China has been most consistently the biggest superpower over mankinds history, and it looks like it's going to be that way again in a couple of decades. Perhaps these things are related...
It is easy to score better than Tit-for-Tat in Axelrod's (original) tournament. He included a program that played random moves. It is not difficult to recognise this program after, say, ten moves have been played. You can always defect against random, because its moves are unrelated to its history. So, a program that plays Tit-for-Tat by default, but always defects against Random, scores better than Tit-for-Tat.
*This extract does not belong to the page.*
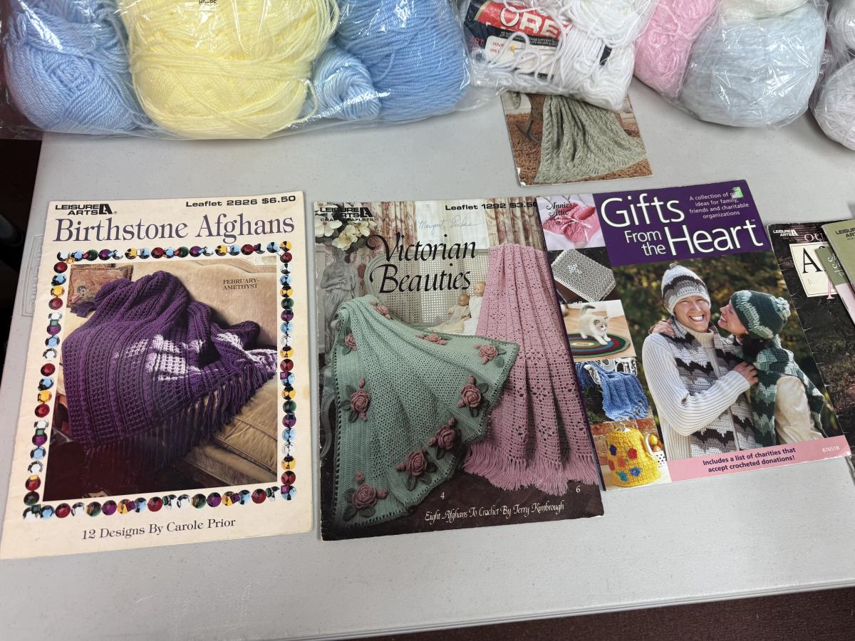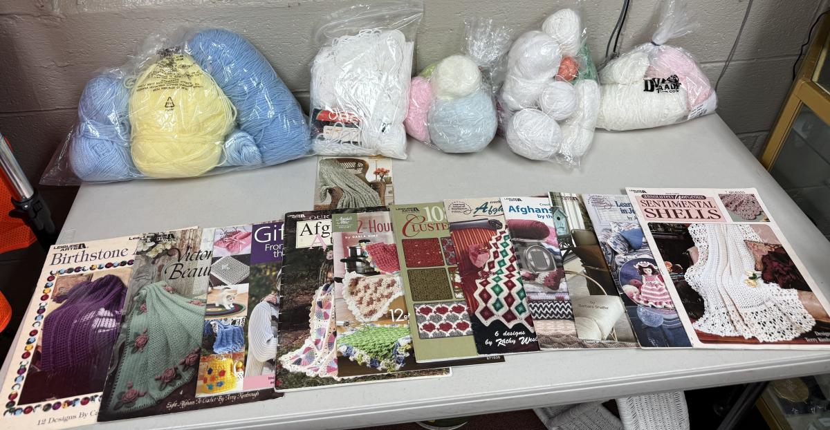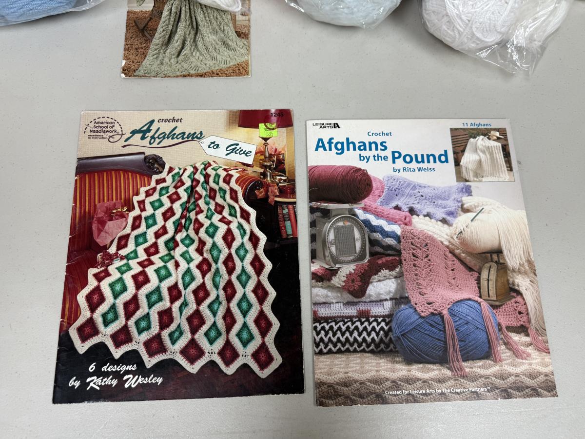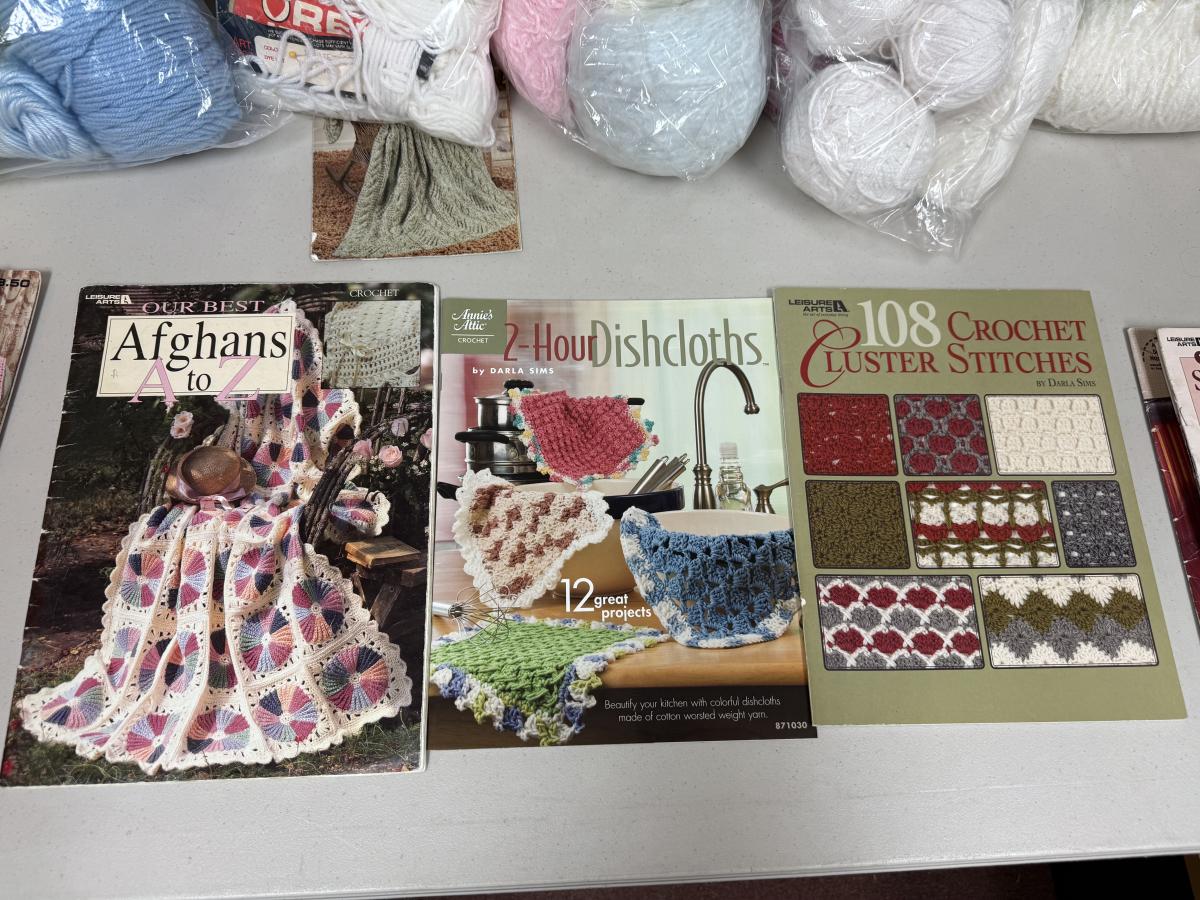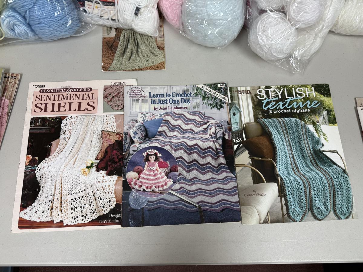 12 books, 5 bags of yarn

Does this dillute Tit-for-Tat's accomplishment? Of course not. Tit-for-Tat still plays well. And it is such a simple strategy that it can be programmed in two lines ("C on move 1, then copy opponent's previous move"), which none of the other programs achieve. Tit-for-Tat is simple, elegant, and strong. It's beautiful.
Southamptom entries, on the other hand, are complex, sneaky, and cheating against (perhaps unwritten, but nonetheless agreed-upon) rules. They're ugly. They only prove that backstabbing cheating bastards may defeat just-and-fair if the referee is looking the other way for a moment.
..it's half the fun you would normaly get ;-)
The possible moves are:
* Defect (turning in your mate) - this means you avoid the 'worst' case (when your opponent turns you in but you stay silent) but also avoids the 'best' case (When you both stay silent)
* Stay silent (the reverse of the above)
Simple PD is interesting but trivial. A quick
count of the matrix of possible moves shows that your best option is to always defect. The counterintuitiveness of this is why it is interesting.
HOWEVER - in this game, the simple game is iterated.
And you quickly learn that when the 'last' game is known, everyone struggles to defect then - and it quickly devolve sinto the simple case.
Interesting things happen once the game is open ended. Dove strategies (which sometimes, or even always, stay silent) start to win.
The whole point of the iterated game is to try and learn about your opponent - applying a strategy which is 'better' than theirs.
The long time 'best' of these is Tit-For-Tat. Which, as named, is the simple strategy of doing to your opponent whatever they did to you last round.
That way you play as well as possible against a hawk (a player who always defects) and also as well as possible against a dove.
Against itself, it ALSO plays as well as posisble, since they both sit there never seeing a defection and so never defecting - thus getting the highest possible score.
The interesting part of this study is that they claim that their colluding program doesn't just win against the existing programs by overwhelming them - but that it is also a stable strategy. That is, a program which tends to copy good strategies that it sees, will tend to adopt this strategy and ALSO do well.
It does, however, seem very cheaty.
This is not the first time that tit-for-tat has failed to win an iterated prisoner's dilemma competition. (Cannot find a good link to past results of similar competitions, but here's a link to results of one simulation.)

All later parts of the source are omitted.